Altogether, the presence of ENE appears to equate to an intermediate risk of recurrence within the current ATA system. After incorporating ENE into the current risk-stratification system to create an alternative system, this system showed a better predictive ability than the current ATA risk-stratification system for predicting structural persistent/recurrent disease. The present results are useful when determining the initial treatment after surgery. However, the current study has several limitations that need to be taken into consideration.
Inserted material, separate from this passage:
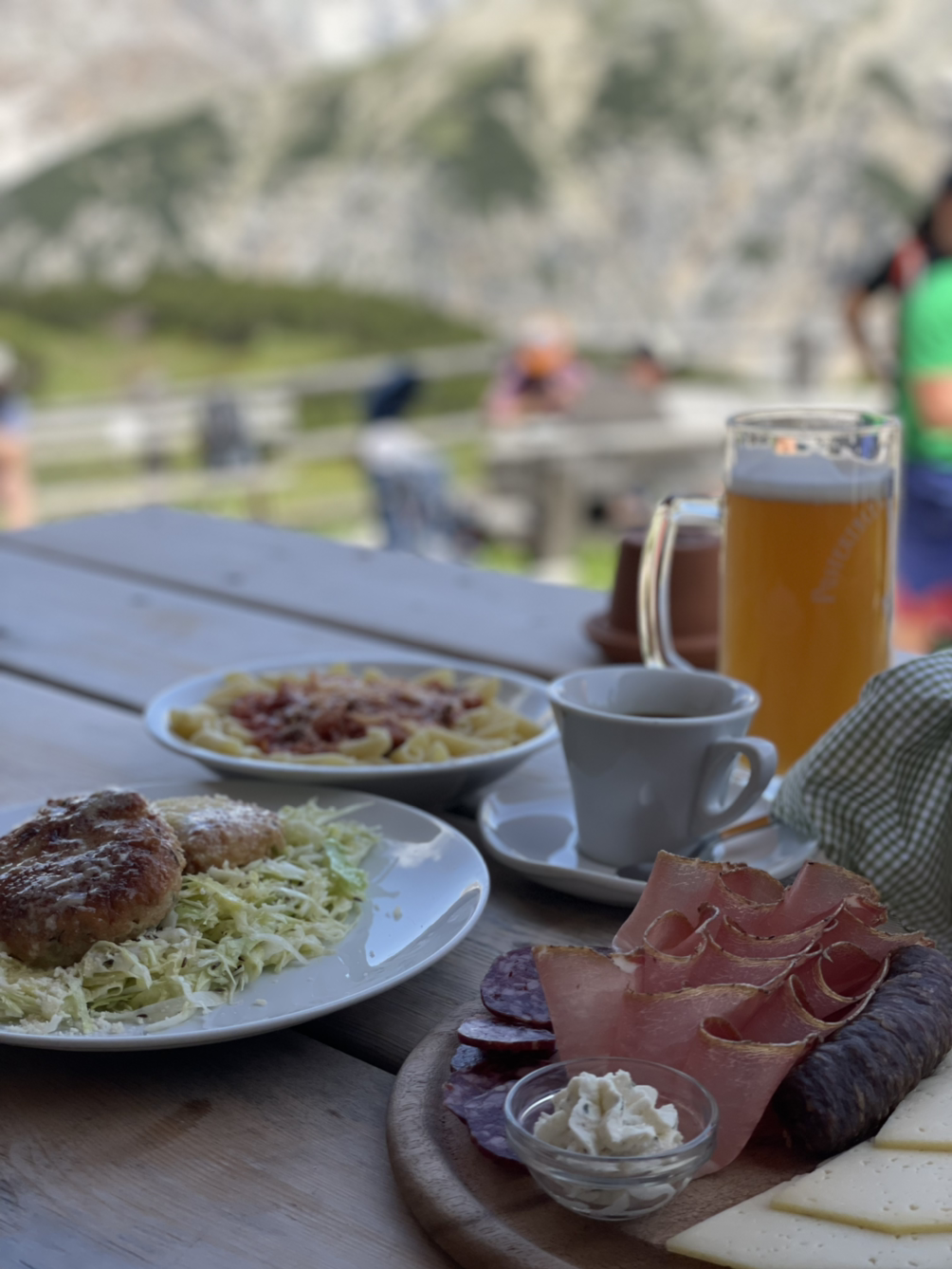 오전 7시30분부터 올랐는데.. 12시쯤 세번째 산장에서 점심을 먹었다. 첫 산장은 출발점에 있고, 두번째는 문을 닫아 커피 한 잔 기대가 무산됐다. 세번째 산장에는 사람들이 많았다. 덤플링이라는데 약간 동그랑땡 맛. 사우어크래프트, 양배추 절임이 훌륭했다. 연은 맥주를, 우리는 커피를 마셨다. 살 것 같더라. 파스타와 덤플링, 햄치즈 플레이트에 네 명의 마실것 까지 55유로. 사람 구경, 그들이 데리고 온 개 구경, 풍경 구경.. 무엇보다 잠시 쉬었다.

First, the results of this study might not apply to the long-term prognosis because of the relatively short follow-up period. However, early recurrence can provide enough information to determine the extent of initial treatment. Second, there were too few patients with five or fewer LNs and four or more ENEs to analyze whether ENE had a further impact on recurrence. Third, the possibility that structural persistent/recurrent disease could result from incomplete LN dissection cannot be excluded, although experienced surgeons carried out the operations according to established guidelines (30). The retrospective study design and the single-center nature of the study are additional limitations. Further research is therefore needed to confirm the findings. In addition, although the degree of individual ENE was not evaluated, evaluating a possible association between the degree of ENE and recurrence risk also seems to be a relevant topic for future studies.

In conclusion, the presence of ENE translates into an intermediate risk of recurrence in the current risk-stratification system. By incorporating ENE into the current risk-stratification system, physicians can make more accurate decisions about how to manage PTC N1 patients.